Recovery: Phase 3 — Fix Configuration Drift
After importing, terraform plan may still show changes because your .tf configuration doesn’t match the actual resource attributes. Common issues and fixes:
| Issue | Fix |
|---|---|
| AMI mismatch | Pin AMI in configuration |
| Security group type | Use vpc_security_group_ids for VPC |
| ECS task definition | Add lifecycle ignore |
Pin AMI to Prevent Replacement
If Terraform wants to replace an EC2 instance because the AMI changed:
resource "aws_instance" "main" {
ami = "ami-03205447c85f5199b" # Pin to current
instance_type = "t3.medium"
lifecycle {
ignore_changes = [ami] # Or pin and manage manually
}
} The lifecycle.ignore_changes block tells Terraform to skip this attribute during planning.

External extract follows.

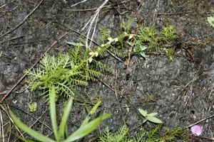 Proserpinaca pectinata is a perennial aquatic herb known for its pinnately lobed submerged leaves with 7–12 pairs of divisions.
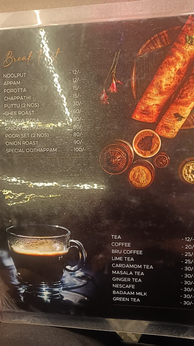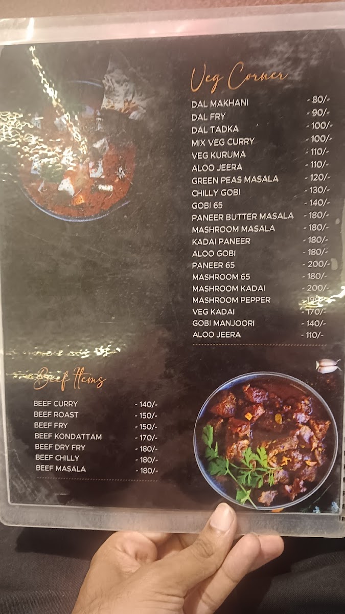 The menu features a delightful array of options, showcasing the rich flavors of Kerala. Start your culinary journey with their delicious salads like the Beetroot Salad or Cucumber Salad, expertly crafted to refresh your palate for just ₹90. The café also serves an impressive selection of breads, including Noolput, Appam, and Ghee Roast, all priced at an affordable ₹90. For a truly traditional experience, don't miss the Koth Poratta Chicken or Kizhi Poratta Beef, both hearty and indulgent dishes that capture the essence of Kerala's culinary heritage, each available for just ₹150.

Use this for attributes managed outside of Terraform (like AMIs updated by a separate patching process).
ECS Task Definition Lifecycle
When CI/CD manages task definitions separately from Terraform:
resource "aws_ecs_service" "main" {
name = "api"
cluster = aws_ecs_cluster.main.id
task_definition = aws_ecs_task_definition.main.arn
lifecycle {
ignore_changes = [task_definition]
}
} Without this, every terraform plan shows a diff because CI/CD has updated the task definition since Terraform last applied.
VPC Security Groups
A common source of drift is using the wrong security group attribute for VPC instances:
# ❌ Wrong for VPC instances
resource "aws_instance" "main" {
security_groups = [aws_security_group.main.name]
}
# ✅ Correct for VPC instances
resource "aws_instance" "main" {
vpc_security_group_ids = [aws_security_group.main.id]
} Using security_groups (by name) instead of vpc_security_group_ids (by ID) causes Terraform to detect drift on every plan because the API returns IDs, not names.
Prevention: Remote State Backend
Most state drift can be prevented by using a remote state backend. This centralizes the state file and adds locking to prevent concurrent modifications:
terraform {
backend "s3" {
bucket = "mycompany-terraform-state"
key = "prod/terraform.tfstate"
region = "us-east-1"
encrypt = true
dynamodb_table = "terraform-locks"
}
} The DynamoDB table provides state locking — preventing two people from running terraform apply simultaneously:
resource "aws_dynamodb_table" "terraform_locks" {
name = "terraform-locks"
billing_mode = "PAY_PER_REQUEST"
hash_key = "LockID"
attribute {
name = "LockID"
type = "S"
}
} Key Lessons
- Always backup state first — Before any recovery operation, copy the state file
- Import before manage — Don’t recreate existing resources; import them into state
- Use lifecycle blocks — For resources managed by CI/CD or external processes
- Plan extensively — Run
terraform planmultiple times during recovery; neverapplywithout reviewing - Document each step — For future reference and auditing
- Set up remote state — Prevents most drift issues by centralizing state management
Takeaway
Terraform state recovery follows a predictable pattern: backup, refresh, import missing resources, fix configuration drift, and verify with plan. The key is to never run apply before understanding every change in the plan. Set up remote state with locking from day one to prevent most drift scenarios. When drift does happen, the systematic approach (assess → import → fix → verify) gets you back to a clean state without destroying production resources.